If ${g_n g_{n+1}^{-1}}$ were eventually constant (let's say $g_n g_{n+1}^{-1} = g_m g_{m+1}^{-1}$ for all $n,m \geq N$, where $N$ is some fixed natural number), then the limit of the sequence (which is unique because metric topologies are Hausdorff) would be $g_N g_{N+1}^{-1}$. At the same time, the limit of the sequence is $1$, so $g_n g_{n+1}^{-1} = 1$ for all $n \geq N$. This means that $g_n = g_{n+1}$ for all $n \geq N$, and thus $g_n \to g_N$. Since $g_n \to g$, w have $g = g_N$. This is a contradiction because $g \in G - \Gamma$ but $g_N \in \Gamma$.

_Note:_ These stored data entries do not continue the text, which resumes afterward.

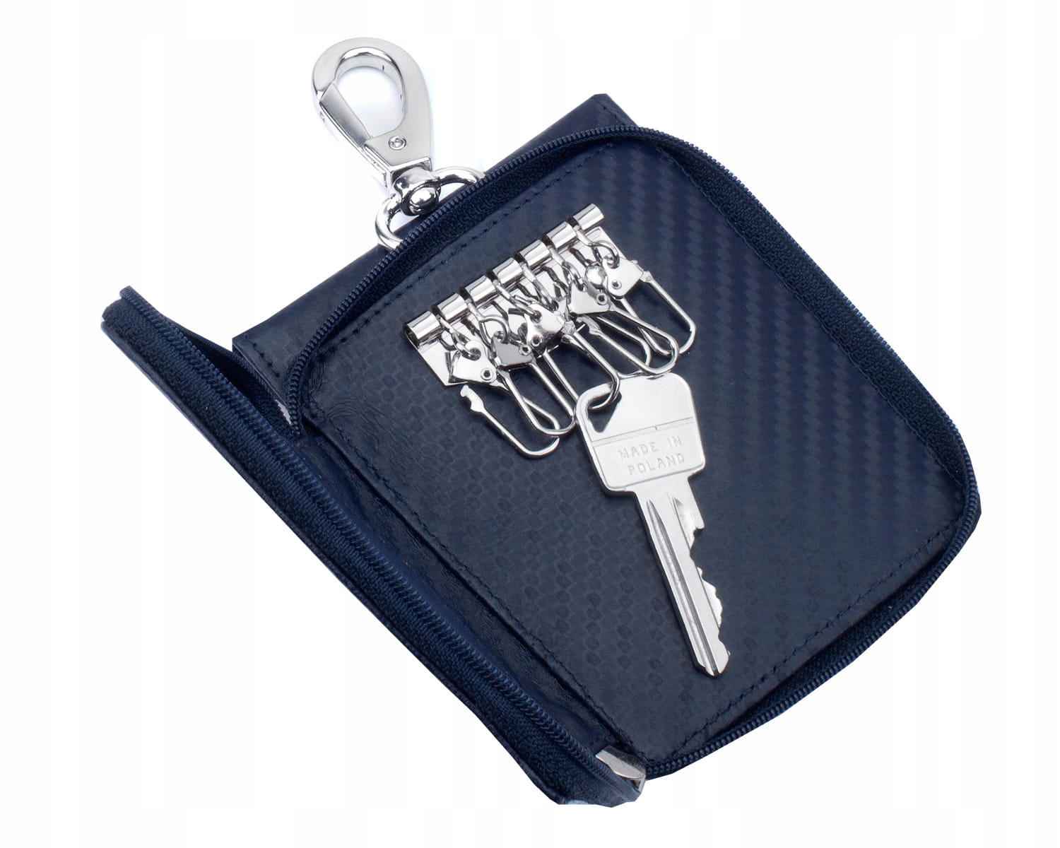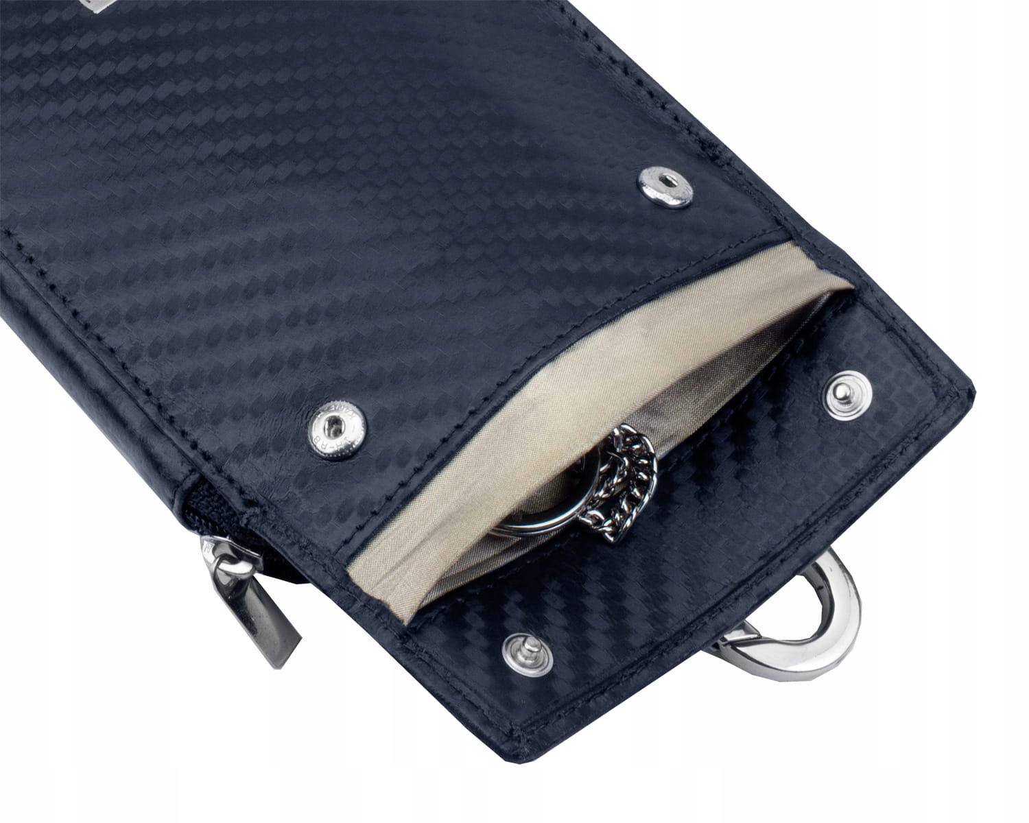 Эта модель, помимо кармана с БЕЗКЛЮЧЕВОЙ защитой, имеет еще внешний карман на молнии. Внутри кармана 6 карабинов для классических плоских ключей.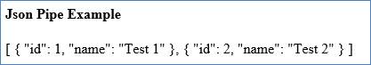 JSON pipe is very similar to “JSON” filter in Angular 1.x. It converts the JjavaScript object to JSON string and displays that on screen.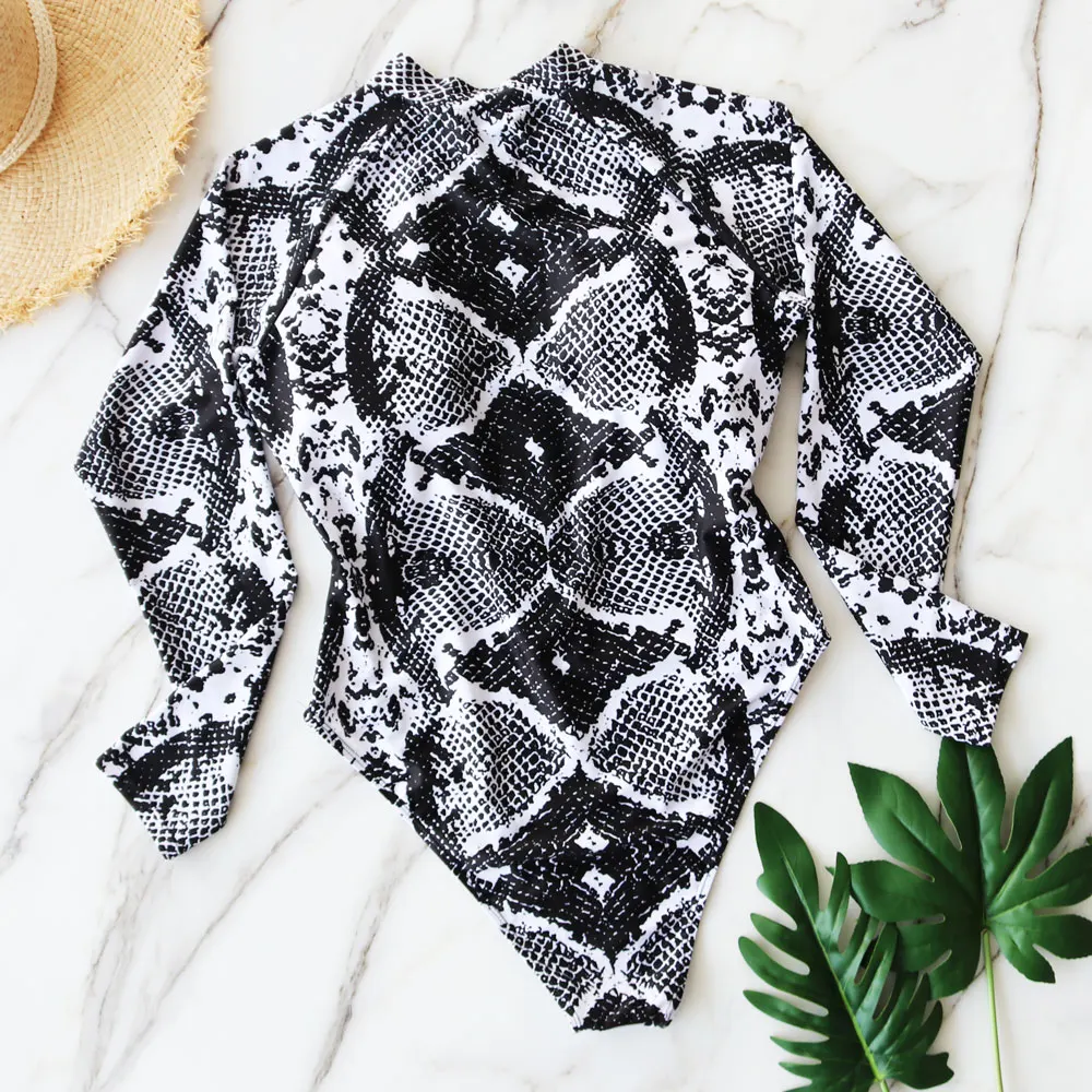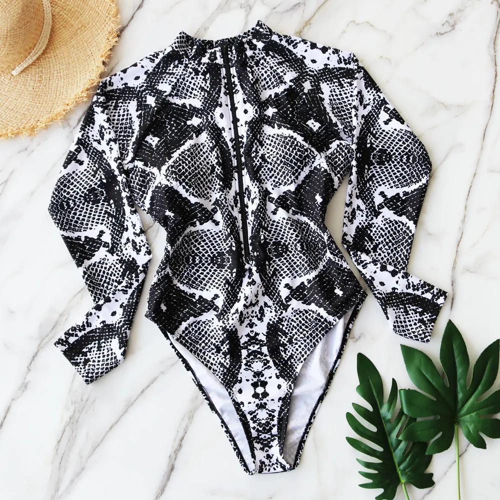 2022, Рашгард, длинный рукав, купальник, сдельный, купальник с принтом, Женский монокини, купальник, пляжная одежда, боди, летние купальники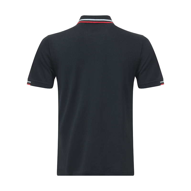 180 gsm 60/40 Polycotton lacoste fabric Short Sleeve Knitted collar golf shirt Knitted cuffs Front hino logo emroidered and finished with a bold red stripe and
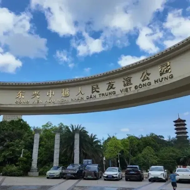 行程的最后,来到游人如织的东兴国门景区,不妨来体验一下边境小城的热闹。或行走在口岸商业街,越南春卷、屈头蛋、奶油咖啡等食物香气四溢,沿街店铺摆满了琳琅满目的中越好物,还有五颜六色的东南亚水果,让人忍不住开启“买买买”模式。在界碑旁拍下打卡照,出片率100%。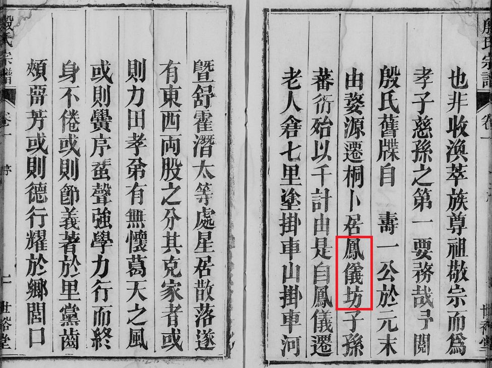 汝南殷氏,谱载“自寿一公元末由徽州婺源渡江迁桐,卜居于凤仪坊,置田列籍,是为迁桐始祖。”
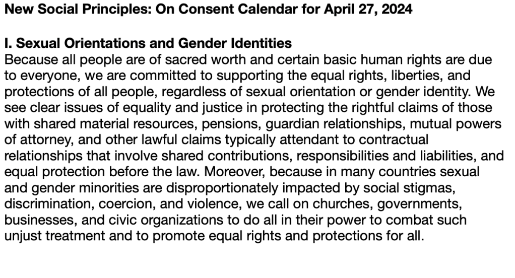 The Restrictions on LGBTQ clergy passed the consent calendar…as with other items, by 93%!!

Edit: to answer your second question, the metric is actually used in this argument to get the sequence $g_n$. But you're right that Hausdorff is all that you really need: suppose $G$ is Hausdorff and $\Gamma$ is a non-closed discrete subgroup. Then there is some limit point $g$ of $\Gamma$ such that $g \notin \Gamma$. Take a sequence $g_n \to g$ with each $g_n \in \Gamma$ and use the same argument as in this proof. It's perhaps a little harder to see that $\{g_n g_{n+1}^{-1}\}$ must be convergent, but it's still doable:
Let $U$ be an open set containing $1$. Let $V = \{(x,y) \in G \times G : xy^{-1} \in U\}$. $V$ is also open because $G$ is a topological group. The sequence $\{(g_n, g_{n+1})\}$ converges to $(1,1)$, so there is some $N \in \mathbb{N}$ such that $(g_n, g_{n+1}) \in V$ for all $n \geq N$. This means that $g_n g_{n+1}^{-1} \in U$ for all $n \geq N$, and since $U$ was an arbitrary open neighborhood of $1$, we have that $g_n g_{n+1}^{-1} \to 1$.
Edit 2 The first edit is wrong – the result is still true in general when $G$ is Hausdorff, but my proof assumes that "$\Gamma$ is not closed" implies "there exists a sequence in $G - \Gamma$ which converges to a point in $\Gamma$", which is not true in all topological spaces! We need to use a different argument; thanks to @HennoBrandsma for linking to this relatively simple approach.